Все так, все так, однако и скованы они одной цепью. При рассмотрении уголовных дел стол обвинения еще может пустовать, суд вправе вынести приговор и без участия государственного обвинителя. Но если в судебное заседание приходит прокурор, то оно без адвоката не начнется: чтобы суд был справедливым, он должен вершиться на народе и быть состязательным. «Противные стороны» наделены в процессе одинаковыми правами. Адвокат даже имеет некоторые преимущества – бремя доказательств лежит на обвинителе, а любое сомнение толкуется в пользу обвиняемого. И суд выносит приговор, лишь выслушав доводы сторон, взвесив все «за» и «против». Они часто – плюс и минус, соедини – вольтова дуга полыхнет. Но не потому, что прокурор всегда должен обвинять, а адвокат – защищать, выгораживать, помогать доверившемуся человеку любыми способами оправдаться или как-то замять, сгладить вину. Нет, и прокурор, случается, просит суд о вынесении оправдательного приговора, и адвокат не оспаривает вины подзащитного, если она найдет достаточное подтверждение в судебном заседании.
Порой длительная совместная работа, споры на процессах приводят к ненужной раздражительности, нетерпимости и даже к острым конфликтам. Тогда встает вопрос о несовместимости. И такое не исключено. В президиуме коллегии адвокатов Камаева не раз спрашивали о взаимоотношениях с прокурорами и судьями. Он неизменно отвечал, что они хорошие. Этому удивлялись и пытались понять, как он этого добивается.
А он никак не добивался, ему всегда везло на тех и других. Отношения как-то сами собой складывались деловыми, часто даже дружескими, однако без панибратства. Прокурор Владислав Михайлович Ширинкин вот уже три года работает в Сургуте, а в отпуск приезжал, так первым делом к нему. Посидели вечерок, повспоминали о «былых сражениях». Письмо недавно из города Талица пришло – просили выехать и принять участие в процессе. Это Николай Иванович Еловских постарался. Любопытная ситуация – прокурор рекомендует пригласить адвоката из другого района!
Да, со своими прокурорами Камаеву всегда работалось дружно, а вот при выездах в другие города и районы бывают и осложнения. Теряются вначале прокуроры при виде его: «Слепой адвокат! Эт-то еще что такое?» Но ничего, проходит время, и все встает на свое место. С Хомутининым пока ничего не вырисовывается, только официальность… Какую позицию он займет завтра?

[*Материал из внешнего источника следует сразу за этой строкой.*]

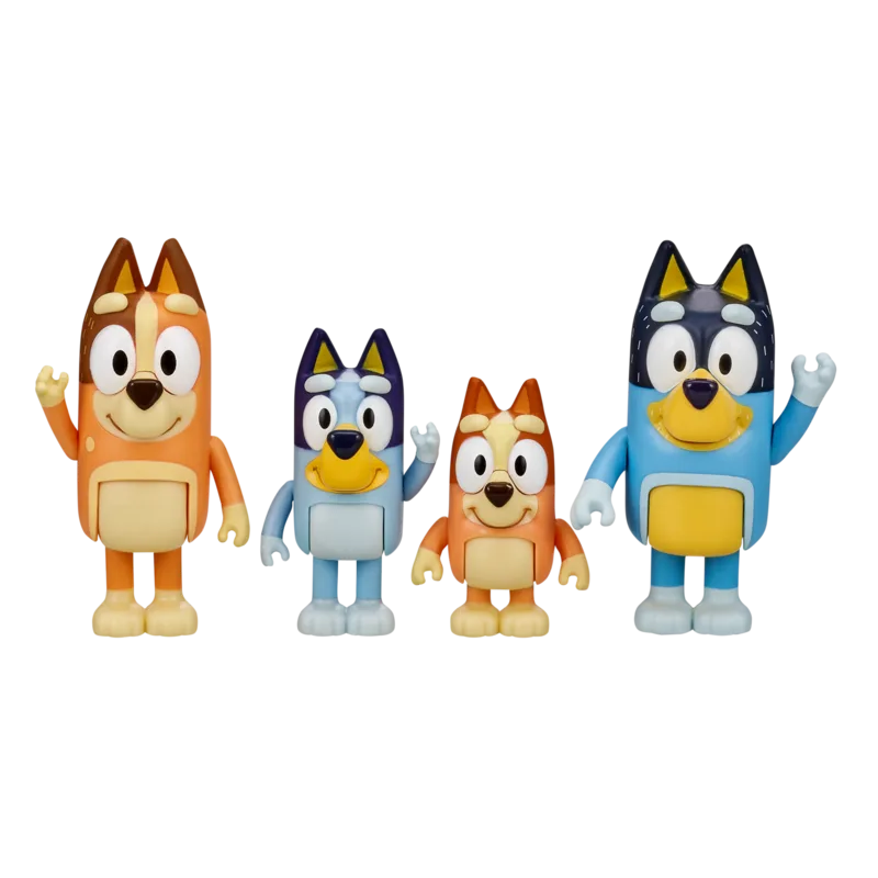 חבילת 4 דמויות משחק הכוללת את ארבעת חברי משפחתה של בלואי -בלואי Bluey, בינגו Bingo, בנדיט Bandit (אבא), צ'ילי Chilli (אמא)

– Опять до полуночи сидеть будешь? – вздыхает жена.
– А что делать? Надо подготовиться к выступлению, хотя до него, возможно, дело и не дойдет.
Эта мысль окрепла, когда еще раз проанализировал все материалы дела. Обвинительный приговор исключен: не очень крепкие подпорки обвинения в судебном заседании не выдержали непосильной нагрузки и рухнули, однако и оправдательный – вряд ли возможен. За ним должно последовать определение о привлечении к уголовной ответственности Серегина. Пойдет ли на это суд? Улик против Серегина вроде бы и достаточно, но сцементированы между собой они пока слабо. Можно ожидать, что прокурор попросит вернуть дело на доследование.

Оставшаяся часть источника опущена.